*About this task:* Write out the listing below exactly, and omit any images you find in it.

*Data:*

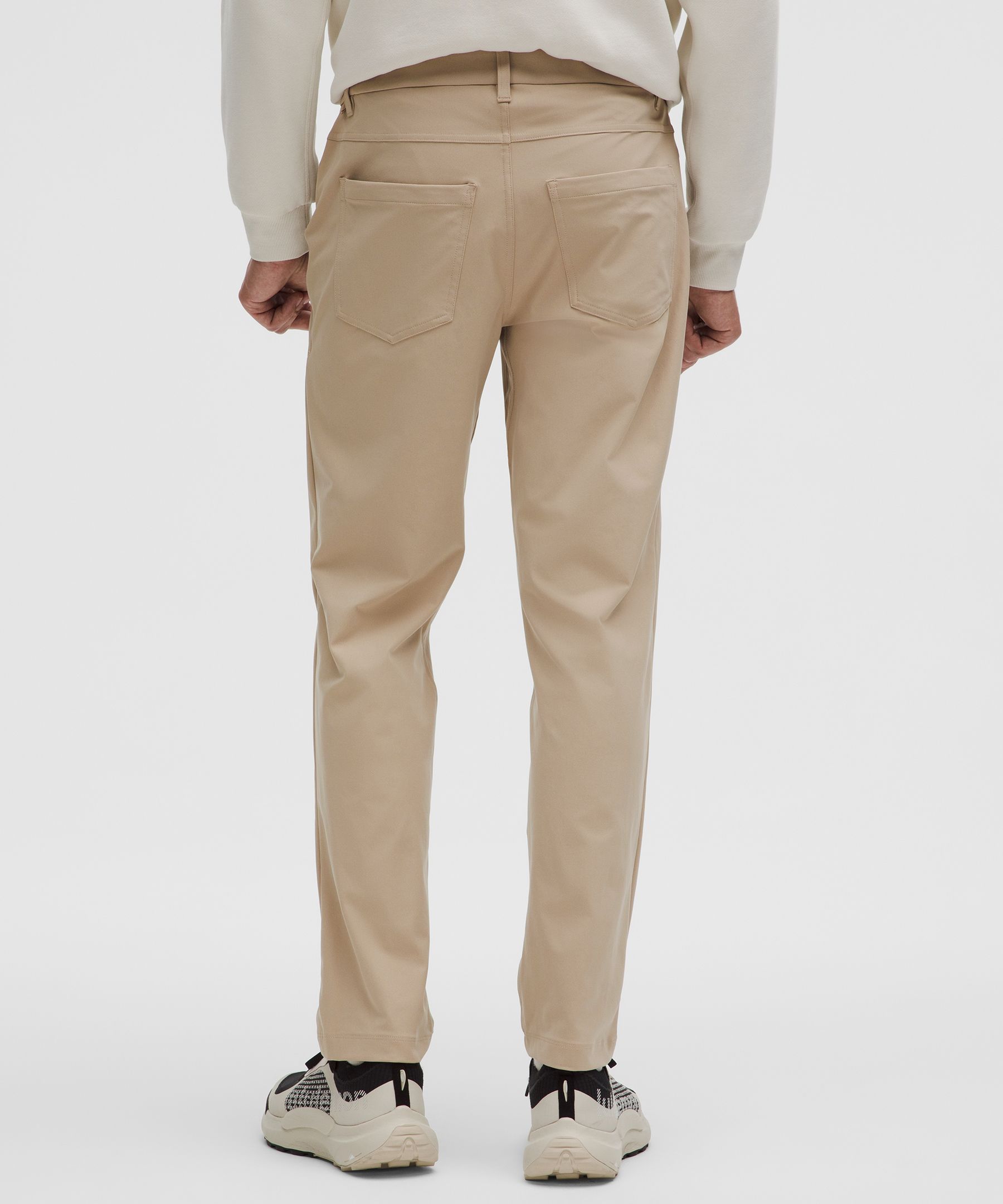 ABC Technology, Pocketed, Reflective. Designed for Casual. Streamlined fit that gives glutes and thighs breathing room. Tapers from knee to hem. Our ABC™ (Anti-Ball-Crushing) technology uses an ergonomic gusset to remove tension from the crotch of our pants so you can move in comfort. The five-pocket jean, reinvented. These classic-fit pants, powered by ABC technology, give you freedom of movement and all-day comfort. | lululemon – Men’s ABC Classic-Fit 5 Pocket Trousers 32L Warpstreme – Color Khaki – Size 4
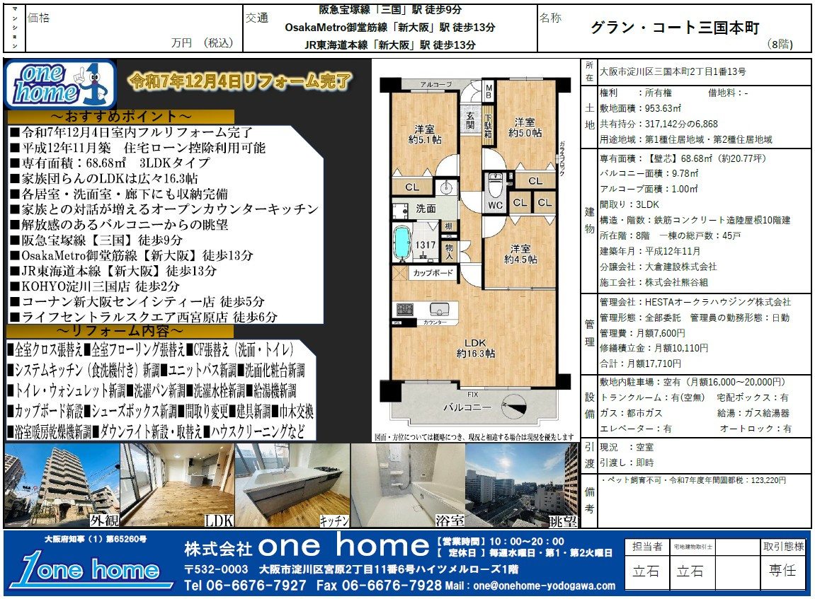 【グラン・コート三国本町】のご売却は実績豊富のone homeにお任せください。
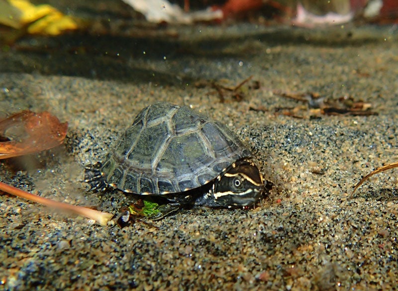 La tortue musquée a une carapace étroite et très voûtée. Cette tortue au corps et à la carapace de couleur brunâtre a habituellement deux rayures sur les côtés de la tête, une au-dessus et une au-dessous de l’œil. Si elle est dérangée, elle émet une odeur de musc, semblable à celle de la mouffette.

*Result of the task:*
 ABC Technology, Pocketed, Reflective. Designed for Casual. Streamlined fit that gives glutes and thighs breathing room. Tapers from knee to hem. Our ABC™ (Anti-Ball-Crushing) technology uses an ergonomic gusset to remove tension from the crotch of our pants so you can move in comfort. The five-pocket jean, reinvented. These classic-fit pants, powered by ABC technology, give you freedom of movement and all-day comfort. | lululemon – Men’s ABC Classic-Fit 5 Pocket Trousers 32L Warpstreme – Color Khaki – Size 4
 【グラン・コート三国本町】のご売却は実績豊富のone homeにお任せください。
 La tortue musquée a une carapace étroite et très voûtée. Cette tortue au corps et à la carapace de couleur brunâtre a habituellement deux rayures sur les côtés de la tête, une au-dessus et une au-dessous de l’œil. Si elle est dérangée, elle émet une odeur de musc, semblable à celle de la mouffette.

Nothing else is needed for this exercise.